I told myself I must have been seeing only what I wanted to see.

Since I was no longer allowing myself to cry over him, but all I felt like doing was crying, I decided just to sleep.

However, when I would close my eyes and drift off to sleep, my dreams were filled with Derek and Kayla, happy, kissing. In one dream she had a rounded belly and she was shopping for baby clothes. Derek came up beside her, rubbing her belly and they looked so happy that even when I made myself wake up, I felt like I was going to vomit.

Damn him! Why did he have to win me over? When I initially had the dream that he got Kayla pregnant, I hadn't been nearly as bothered. Hell, I had even contemplated not trying to stop it.

But something had changed. What had changed? When had it changed? More importantly, why did I let it change?

On the third day that I kept myself locked in my room, not answering my phone, not writing in my journal, just reading books and working on my extra credit paper to distract myself, I heard a knock on my door.

"I'm not hungry," I called, assuming it was Alex offering me food again. Apparently, getting insanely obese would solve my problems—at least that seemed to be Alex's train of thought as he tried to shove food at me every half hour.
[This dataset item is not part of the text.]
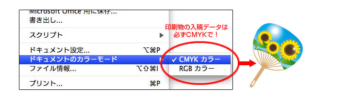 あらかじめCMYKのドキュメントモードで作成しましょう。

"Not even for chocolate ice cream?" Stephanie asked, opening the door.

As soon as I saw her, I felt the tears burning behind my eyes again, but I tried to suck it up.

 

; "Aw, Nicole," she said sadly, coming to my side and hugging me. "I heard what happened."

I took deep breaths, angry at myself for the tears welling up in my eyes. I tilted my head back, hoping the tears would go away.

"I brought ice cream and A Walk to Remember," she stated, sitting the tub of ice cream down on my bed and pulling the movie out of her purse. "We’re going to watch this movie and bawl our eyes out as we eat every last bite of this ice cream."